Republicans and Iranian government in heated idiot contest over women's and animal rights

Cathrynn Brown has been on the defensive since drafting House Bill 206. Brown is seen here wearing a blazer made from recycled hotel curtains.

Well, folks, it is officially heating up. And I’m not referring to this non-event of a winter we’ve had. The race for dumbest jerk on the planet is in full swing, with Republicans and the Iranian government going toe-to-toe in the past couple of weeks.

Abortion: again, for some reason

On January 23rd, A Republican State Senator in New Mexico named Cathrynn Brown introduced House Bill 206. If passed, it would have criminalized abortion by rape victims. Brown, in a flash of epic dullness, sought to classify the act as destroying evidence, and thus was born the dumbest piece of legislation in history.

There are so many angles of stupidity about this thing that it is hard to know where to begin. First of all, because the situation isn’t traumatic enough in the first place, let’s make sure she faces jail time. Also, let’s jail anyone with the audacity to help her do it.

Then there’s the whole worst-reason-ever-to-have-a-kid angle. The child would literally be born for the purpose of sending its father to jail. I’d like you to meet my son, Exhibit A.

Also, if her intention was, as she insists, to target rapists who coerce victims into abortions, isn't that already a kind of assault?

But most of all, it has become painfully clear that the American public is not interested in the abortion debate right now. Most would rather talk about the sagging economy and climate change, neither of which is improved by banning abortion. Just when you thought that the Republicans had eviscerated themselves completely on this point, along comes Cathrynn Brown.

The amazing thing is that she’s not alone, either. For example, Matt Windschitl, a Republican State Representative from Iowa, wants to ban all public funding for abortions. Last year, Iowa spent $20,000 on 22 abortions, 15 due to severe anomalies like the foetus’ brain being separated from its head, five to save the woman’s life and a whopping two due to rape.

Since I’m pretty sure that having your brain outside your head is fatal, it seems safe to say that none of those babies would have survived.

So, doing the math, and assuming that the various prognoses were accurate, banning these 22 abortions would have resulted in five dead moms and two living babies for a total of minus-three people. That, apparently, is worth saving $20k, or $6,667 per dead person, rounding up.

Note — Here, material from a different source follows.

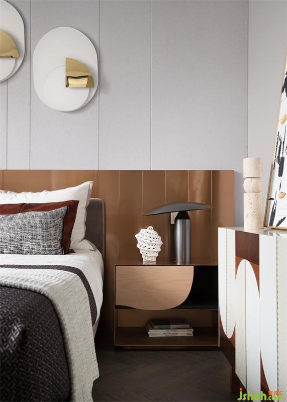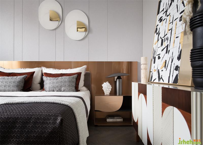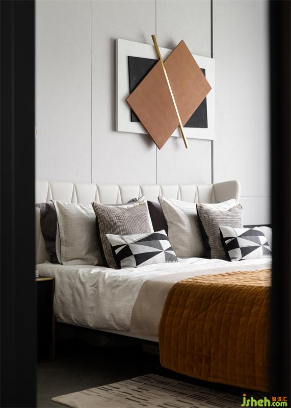 樣板間設計極具腔調(diào)的橙色床頭背景、舒適溫暖的布藝床品及幾何裝飾,碰撞出藝術(shù)的通感,形體碰撞,線條交錯,渲染出生活的多面可能。

Great Pro-Life-ing there Iowa.

Pissing off PETA with monkeys in space

Question: how do you upset PETA, compound international tension over your nuclear program, spawn a whole new conspiracy theory, and still come off looking like an asshole while out-crazying the Republicans?

Well, not to be outdone, on January 28th the Iranian Space Agency launched a rocket into space containing an absolutely horrified monkey.

This officially brings Iran’s space program within about 60 years of the modern world. Upon its successful return, the Iranian President is said to have celebrated by listening to his new Buddy Holly record, going for a drive in his Studebaker, and enjoying a malted at the soda shop with his sweetie.

This builds on the nation’s already proud history of space exploration. On February 3rd, 2010, the ISA bravely launched a rocket containing a rat, two turtles, and some worms, finally completing the joke which begins “A rat, two turtles, and a family of worms walk into a travel agency...”

This year’s launch raises concerns about Iran’s ability to deliver a long-range nuclear weapon. The launch appears to have violated UN Security Council Resolution 1929, banning Iran from pursuing any ballistic technology which would allow them to deliver long-range nuclear weapons. However, according to the Union of Concerned Scientists, the launch would likely do very little to advance Iran’s weapons capabilities. It seems that monkeys and nuclear weapons fly differently. Who knew?

Since news broke of the launch and the first wave of jokes began to peter out, speculation has run rampant over the alleged survival of this poor little primate. Pictures of the monkey before and after appear to show two different animals. Pre-launch monkey had a mole, post-launch monkey has none. Insert conspiracy theory.

But the latest news out of Iran is that President Ahmadinejad is putting himself forward to be the country’s first astronaut. Seems that Mahmoud spent a lot of time watching Kim Jong Il over the years and finally decided “Screw this. I can out-crazy that dead bastard.” And here we are.

Clearly, the Iranian regime has set a high bar of idiocy. It will take a major effort over the next ten months to overtake what is, without a doubt, the most aggressive push in recent memory for a stupidity award.

Somehow, I think we have it in us to compete.

Also, did you know that there is a Wikipedia page titled “Monkeys in Space”?